Anyway, my father started me on Dick and Jane. All I really remember is that I could read Look quite fine but when it was look (lower case 'l') I had no idea. No one explained upper and lower case letters to me so I figured if it was a 'little l' it must sound different. Made sense to me but made my father extremely upset because he thought I was just being stubborn. Being a little kid, I didn't even know how to explain it to my father who was very angry. By fifth grade I had read everything remotely interesting in our school library, which was open in the summers as our town had no public library. The bookmobile came and I convinced the librarian to let me check out the Iliad and the Odyssey the summer between fifth and sixth grade.

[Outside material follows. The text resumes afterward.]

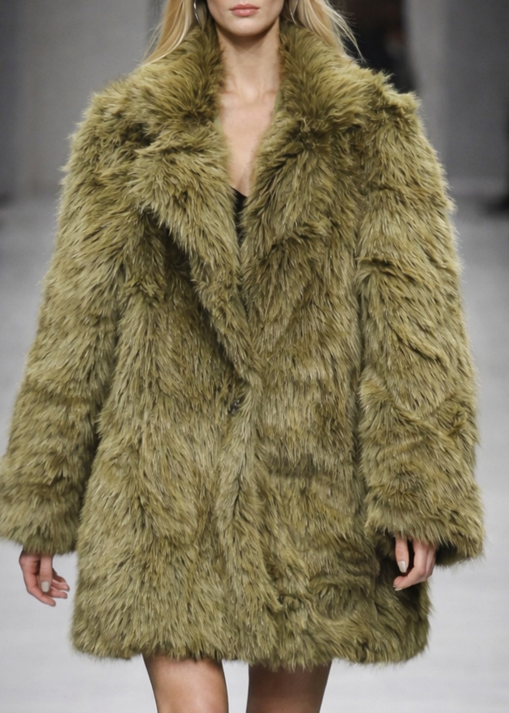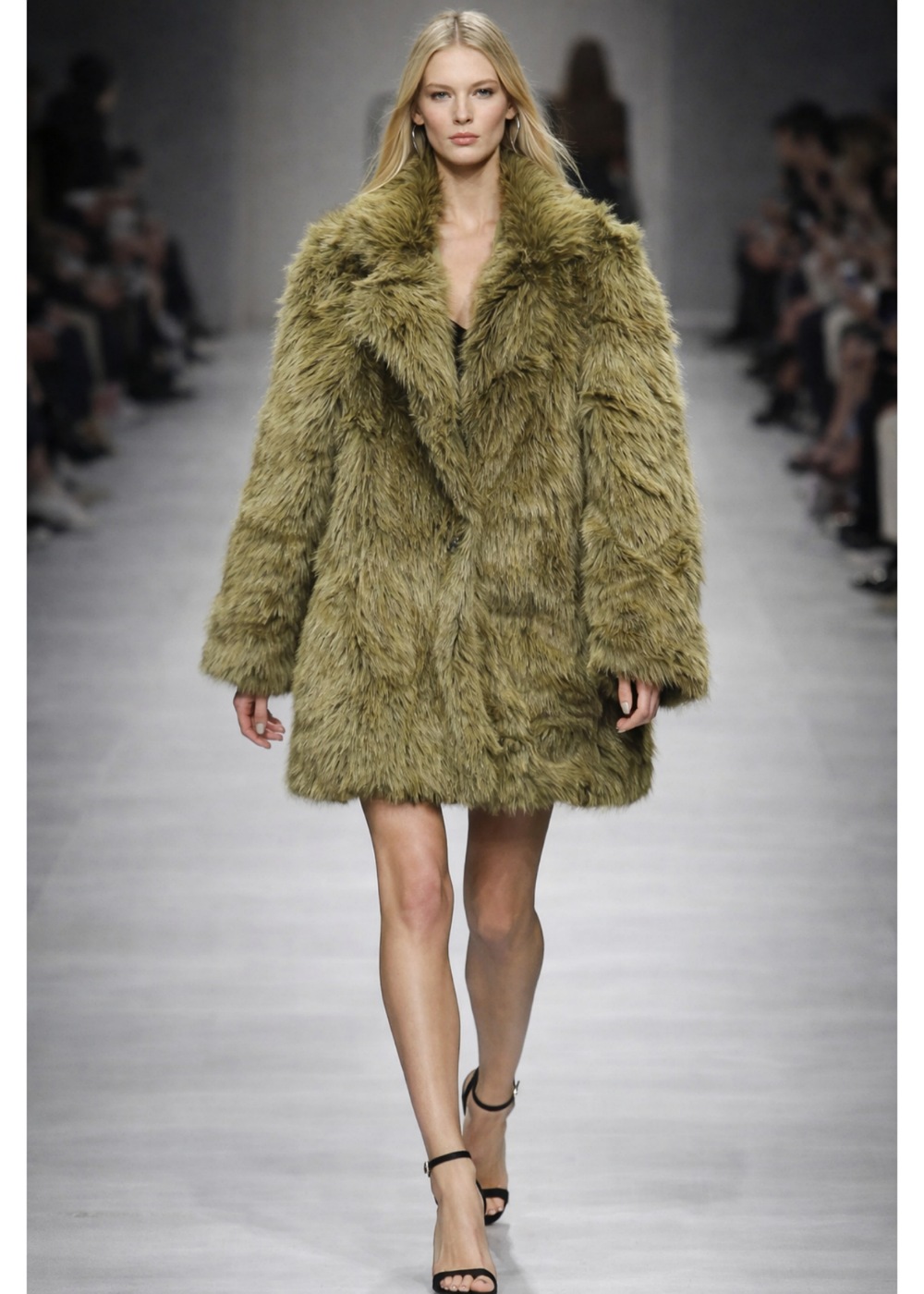 Αναβάθμισε το χειμερινό σου στυλ με αυτό το εντυπωσιακό faux fur παλτό σε olive απόχρωση. Με πλούσια υφή, άνετη γραμμή και elegant μήκος πάνω από το γόνατο, αγκαλιάζει το σώμα χαρίζοντας πολυτέλεια και statement χαρακτήρα.Ο μεγάλος γιακας προσθέτει fashion-forward αισθητική, ενώ η απαλή υφή το καθιστά ιδανικό για καθημερινές αλλά και βραδινές εμφανίσεις. Συνδύασέ το με φορέματα ή total black looks για απόλυτο chic αποτέλεσμα.

One of my kids taught himself to read when he was 4 and I didn't even realize it until I started to read to him when I got his younger sibling down for a nap and he told me he could read the book. It was Bedtime for Francis and it turned out, yes, he could. He hadn't memorized the book (I had assumed he memorized other kids books) because it was brand new. In first grade, they had to bring something in to read to the class and he picked a children's book of sea creatures and was very concerned he would mispronounce the word bioluminescence. I told him he could only read one page to the class, not the whole book. This is the kid who had completed 2 years of calculus before he started high school, then dropped out of college to join the army, came back and finished his physics major and now works 3rd shift at an electronics factory because he didn't want to go to grad school.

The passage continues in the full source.